- _Try it_:
All of the data below should be printed again exactly, pictures excluded.

- _Information supplied_:
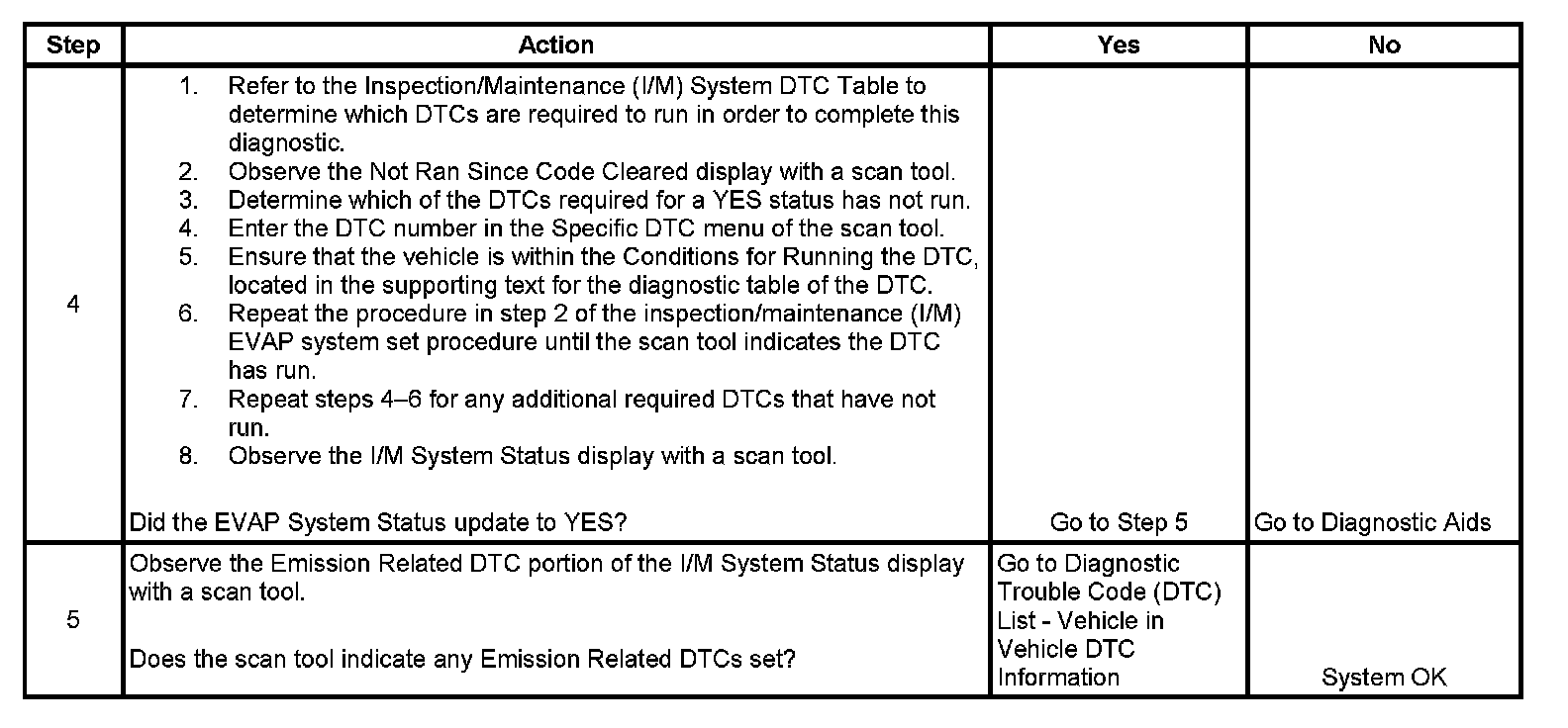 The purpose of this procedure is to satisfy the enable criteria necessary to execute inspection/maintenance (I/M) readiness diagnostics for the Evaporative Emission (EVAP) System. The procedure may be used to set the EVAP I/M System Status display on the scan tool to YES. The EVAP I/M System Status display indicates whether or not the control module has completed the readiness diagnostics. The readiness diagnostics are complete when all DTCs comprising the diagnostics run and pass, or any DTC comprising the diagnostics illuminates the malfunction indicator lamp (MIL). If the diagnostics pass during one drive cycle, 17 hours must elapse, regardless of whether the vehicle is driven or not. Then, the diagnostics will run again during the next drive cycle in which the conditions for running are met. Once the diagnostics have passed during the third drive cycle, the EVAP I/M System Status display will be updated to YES. A failed or aborted diagnostic will require the vehicle to cool down in order to meet the enable criteria for another drive cycle. Therefore, performing a visual inspection prior to running the EVAP test may prevent having to repeat the drive cycle.
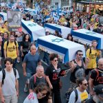 İsrail ve Hamas arasında esirlerin takası da dahil Gazze Şeridi’nde ateşkese ilişkin anlaşmaya yönelik diplomatik çabalar devam ederken, İsrail’in başkenti Tel Aviv’de Hamas ile ateşkes anlaşması yapılması için 5 gündür hükümet karşıtı protestolar sürüyor. Protesto, esirlerin yakınlarının da katılımıyla Habima Meydanı’ndan Gazze Şeridi’nde esir tutulurken hayatını kaybeden 27 esiri temsil eden tabutlarla düzenlenen sembolik bir cenaze töreni ile başladı.
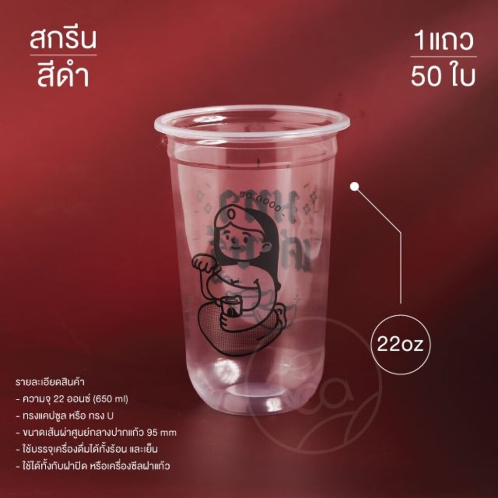 [MH22U] แก้วสกรีน แก้วแคปซูล 22 ออน์ ปาก 95 แก้วพลาสติก แก้วชานมไข่มุก แก้วPP (50ใบ/แถว) แก้วพลาสติกสกรีนลาย

- _Task output_:
 The purpose of this procedure is to satisfy the enable criteria necessary to execute inspection/maintenance (I/M) readiness diagnostics for the Evaporative Emission (EVAP) System. The procedure may be used to set the EVAP I/M System Status display on the scan tool to YES. The EVAP I/M System Status display indicates whether or not the control module has completed the readiness diagnostics. The readiness diagnostics are complete when all DTCs comprising the diagnostics run and pass, or any DTC comprising the diagnostics illuminates the malfunction indicator lamp (MIL). If the diagnostics pass during one drive cycle, 17 hours must elapse, regardless of whether the vehicle is driven or not. Then, the diagnostics will run again during the next drive cycle in which the conditions for running are met. Once the diagnostics have passed during the third drive cycle, the EVAP I/M System Status display will be updated to YES. A failed or aborted diagnostic will require the vehicle to cool down in order to meet the enable criteria for another drive cycle. Therefore, performing a visual inspection prior to running the EVAP test may prevent having to repeat the drive cycle.
 İsrail ve Hamas arasında esirlerin takası da dahil Gazze Şeridi’nde ateşkese ilişkin anlaşmaya yönelik diplomatik çabalar devam ederken, İsrail’in başkenti Tel Aviv’de Hamas ile ateşkes anlaşması yapılması için 5 gündür hükümet karşıtı protestolar sürüyor. Protesto, esirlerin yakınlarının da katılımıyla Habima Meydanı’ndan Gazze Şeridi’nde esir tutulurken hayatını kaybeden 27 esiri temsil eden tabutlarla düzenlenen sembolik bir cenaze töreni ile başladı.
 [MH22U] แก้วสกรีน แก้วแคปซูล 22 ออน์ ปาก 95 แก้วพลาสติก แก้วชานมไข่มุก แก้วPP (50ใบ/แถว) แก้วพลาสติกสกรีนลาย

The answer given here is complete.